REVEALED: Research claims a former crypto CEO hacked The DAO in 2016

REVEALED: Research claims a former crypto CEO hacked The DAO in 2016

Laura Shin says that investigations point to former TenX CEO as the man behind the hack on The DAO.
The alleged hacker has reportedly denied the accusation.

Crypto journalist Laura Shin says that extended research and investigation around the infamous hack on The DAO in 2016 was able to unearth the identity of the hacker as one Toby Hoenisch, an apparent well-known figure within the crypto space.

The senior Forbes contributor revealed she worked with blockchain analytics firm Chainalysis to trace the DAO funds’ movement.

Who hacked The DAO? My exclusive investigation, built on the reporting for my new book, The Cryptopians: Idealism, Greed, Lies, and the Making of the First Big Cryptocurrency Craze, appears to point to Toby Hoenisch, a 36-year-old programmer who grew up in Austria and was living in Singapore at the time of the hack,” Shin wrote in an article published Tuesday, February 22.

Shin adds that Hoenisch has until the articles’ publication a well-known figure whose crypto profile includes being the co-founder and CEO of TenX, an $80 million initial coin offering (ICO) project that failed to live up to expectations.

The alleged hacker denies DAO hack

According to Shin’s article, Hoenisch has denied being the hacker behind the 2016 attack that saw The DAO lose 3.64 million ETH tokens.

Hoenisch is said to have replied to an email detailing his role by saying that the “statement and conclusion” indicated were “factually inaccurate.”

But investigations by Shin and blockchain analytics platform Chainalysis, tracking a 50 BTC transaction to a Wasabi Wallet was able to unmask the hacker as Hoenisch.

Per the research, Chainalysis was able to use never-before-revealed monitoring technology to “de-mix” the bitcoins and trace them to four exchanges.

Blockchain research helps identify hacked funds

From one of the exchanges, the alleged hacker swapped the BTC for the privacy coin Grin. These tokens were then sent to a Grin node that analysis showed as grin.toby.ai. The IP address of this particular node was also connected to other nodes such as ln.toby.ai and lnd.ln.toby.ai, with another linked to TenX.

For anyone who was into crypto in June 2017, this name may ring a bell. That month, as the ICO craze was reaching its initial peak, there was an $80 million ICO named TenX. The CEO and cofounder used the handle @tobyai on AngelList, Betalist, GitHub, Keybase, LinkedIn, Medium, Pinterest, Reddit, StackOverflow, and Twitter. His name was Toby Hoenisch.

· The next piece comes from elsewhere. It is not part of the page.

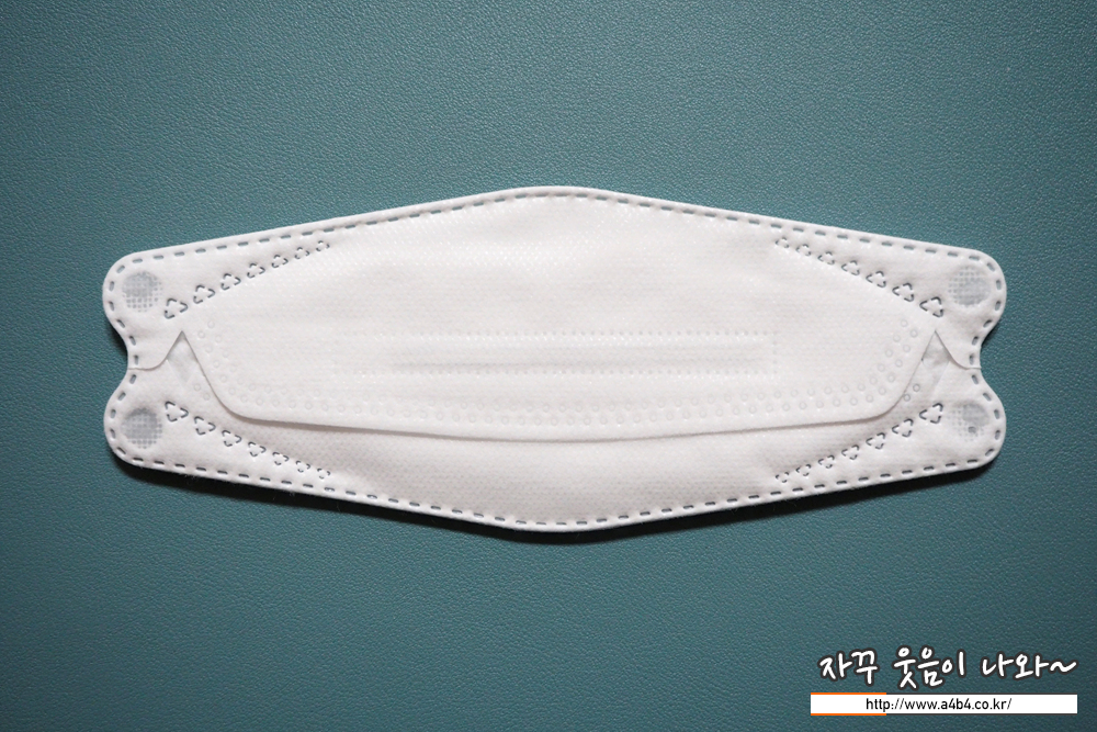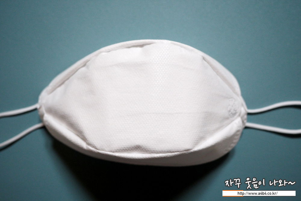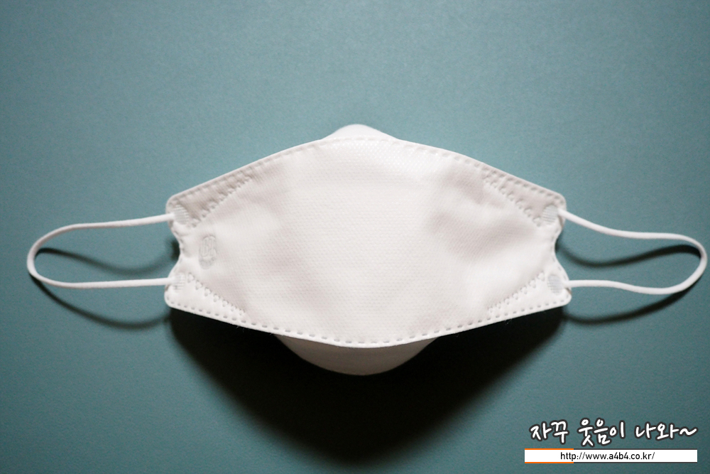 둥근모양의 귀걸이끈은 마스크 전면에 접착되어 있으며, 귀걸이끈 탄력은 조금 짱짱한 편입니다.

Apart from these “links”, Shin says Hoenisch had been an active individual around The DAO, severally emailing the platform’s developers Slock.it.

The story has just broken after Shin’s book was published and it is now likely a lot more could be revealed, including from those Hoenisch emailed.

The DAO remains one of the largest thefts in the crypto space, even though the hacker never managed to cash out all the stolen funds. At the time in 2016, The DAO’s stolen funds amounted to about $60 million.

Today, that would be nearly $10 billion following Ether (ETH) prices rallying from lows of $20 then.